Artikel 3: De vergunningaanvraag

  • 1.

    De aanvraag van een aansluitvergunning wordt schriftelijk of elektronisch met behulp van een daartoe bestemd formulier, bij burgemeester en wethouders ingediend door de rechthebbende van het aan te sluiten perceel.

  • 2.

    Bij de aanvraag van een aansluitvergunning moeten de volgende gegevens door de rechthebbende worden verstrekt:

    • a.

      de naam en het adres van de rechthebbende;

    • b.

      de dagtekening;

    • c.

      de aanduiding dat het een verzoek om een aansluitvergunning betreft;

    • d.

      de ligging van het aan te sluiten perceel aan de hand van straat en huisnummer of, als nog geen huisnummer is toegekend, aan de hand van het kadastraal nummer van het betreffende perceel;

    • e.

      voor zover het een lozing van bedrijfsafvalwater betreft, de aard en de hoeveelheid van de af te voeren vloeistoffen, waarbij moet worden aangegeven of niet verontreinigd water, zoals hemel- of koelwater, en/of verontreinigd water, zoals huishoudelijk of industrieel afvalwater, zal worden afgevoerd;

    • f.

      voor zover het een lozing van huishoudelijk afvalwater betreft, of er daarnaast ook hemelwater zal worden afgevoerd. Als de rechthebbende afvloeiend hemelwater wil afvoeren middels een gemengd of gescheiden stelsel, dan moet hij aannemelijk te maken dat het redelijkerwijs van hem niet gevergd kan worden het afvloeiend hemelwater op of in de bodem of in het oppervlaktewater te brengen;

    • g.

      van de aan te sluiten of te wijzigen particuliere afvoerleiding door middel van een situatieschets (1:1000 of grotere schaal) ten minste de volgende gegevens:

      1. Het leidingverloop en de dimensionerin;

      2. De hoogteligging en het materiaal ter plaatse van het aansluitpunt;

      3. Een duidelijk verschil in kleur of symbolen tussen de afvalwater- en hemelwaterstelsels en infiltratiestelsels:

      - afvalwaterstelsel: grijs

      - hemelwaterstelsel: bruin

      - infiltratiestelsels: groen

    • 3.

      Als de gegevens bedoeld in het tweede lid, reeds zijn vastgelegd in de voor het perceel afgegeven bouwvergunning of een vergunning op grond van de Wet milieubeheer, kan bij de aanvraag van een aansluitvergunning voor dit perceel worden volstaan met het overleggen van een kopie van de gegevens uit deze vergunning.

    • 4.

      De aanvraag van een aansluitvergunning wordt slechts in behandeling genomen nadat bij de aanvraag alle in het tweede lid vermelde gegevens zijn verstrekt.
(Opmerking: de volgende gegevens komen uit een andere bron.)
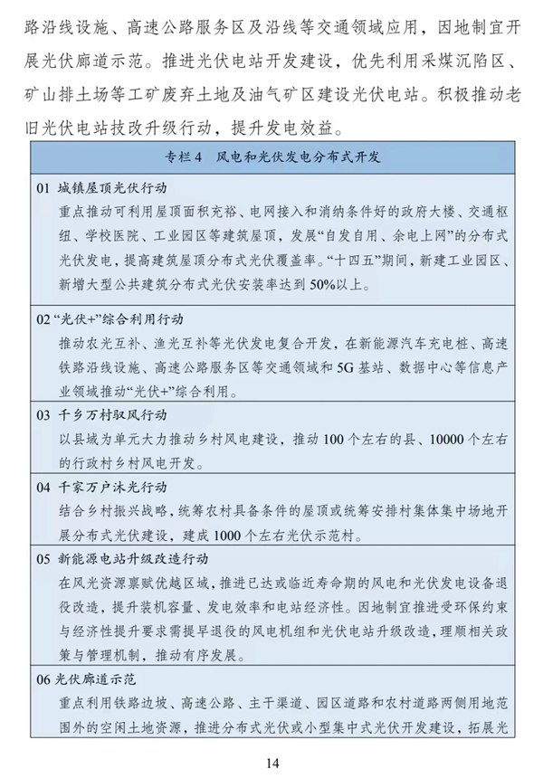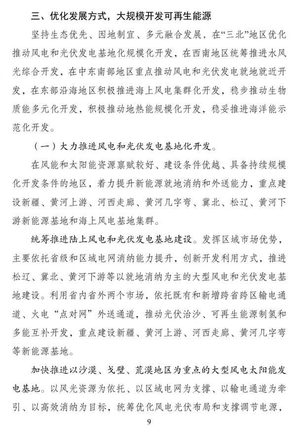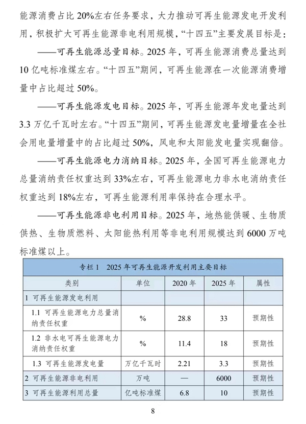 《規(guī)劃》中明確,十四五期間,可再生能源發(fā)電量增量在全社會(huì)用電量增量中的占比超過(guò)50%,風(fēng)電和太陽(yáng)能發(fā)電量實(shí)現(xiàn)翻倍;大力推進(jìn)光伏發(fā)電和風(fēng)電基地化開發(fā),積極推進(jìn)光伏發(fā)電和風(fēng)力發(fā)電分布式開發(fā)等。主要內(nèi)容如下:

Bij het ontbreken van gegevens wordt de rechthebbende daarover geïnformeerd en in de gelegenheid gesteld deze gegevens binnen vier weken na kennisgeving daarvan alsnog aan te vullen. Als daarna nog steeds gegevens ontbreken, wordt de aanvraag niet in behandeling genomen.
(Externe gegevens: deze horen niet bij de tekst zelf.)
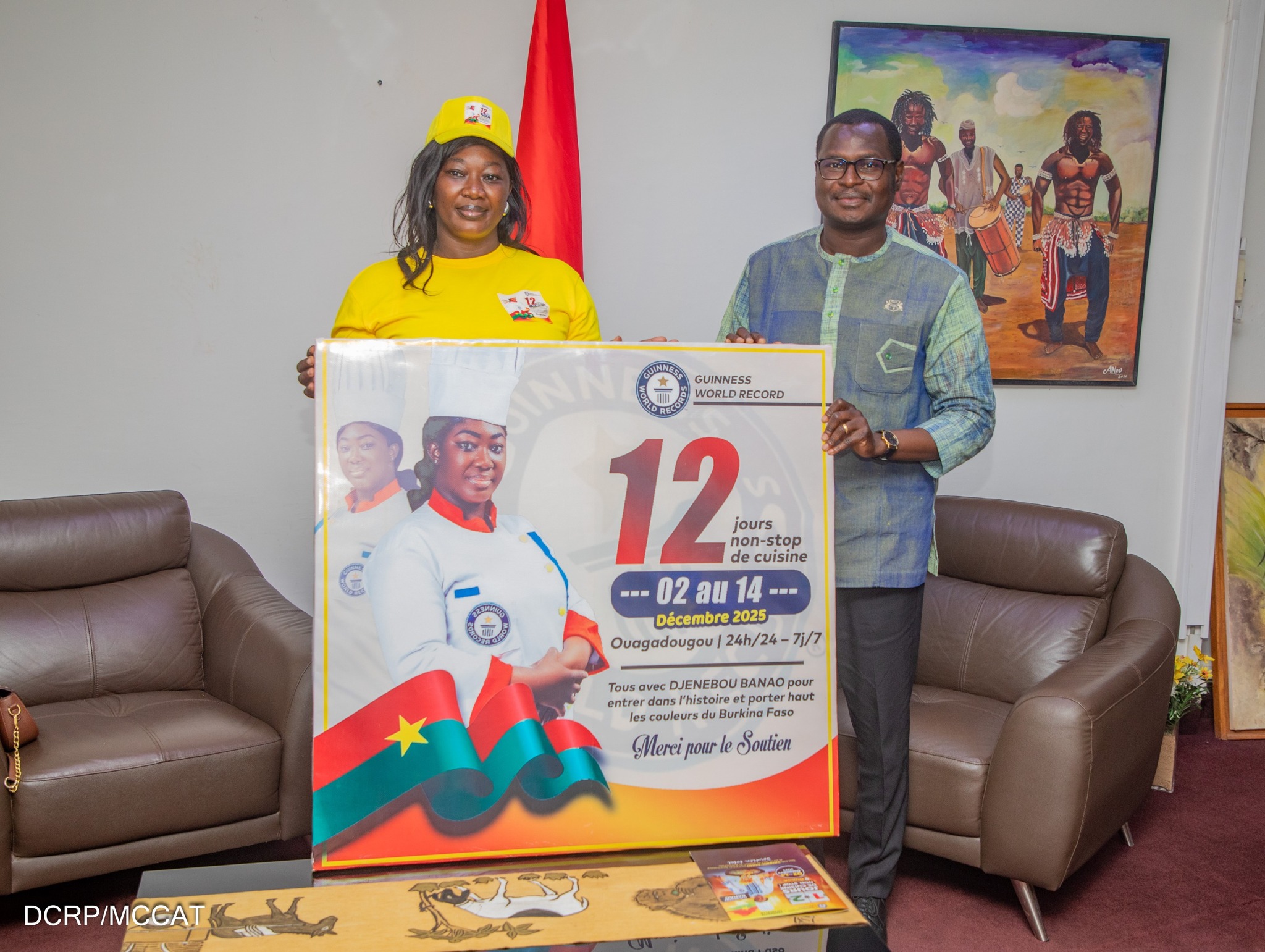 Le ministre de la Communication, de la Culture, des Arts et du Tourisme, Pingdwendé Gilbert Ouédraogo, a recu en audience ce mardi 21 octobre 2025, la candidate burkinabè au record Guiness du plus long marathon culinaire.

Artikel 4: Weigering van de aansluitvergunning

  • 1. Een aansluitvergunning kan slechts worden geweigerd als een aansluiting van de particuliere afvoerleiding op het openbaar riool of wijziging van die aansluiting bezwaarlijk is, omdat het de doelmatige inzameling en afvoer van het openbaar riool belemmert.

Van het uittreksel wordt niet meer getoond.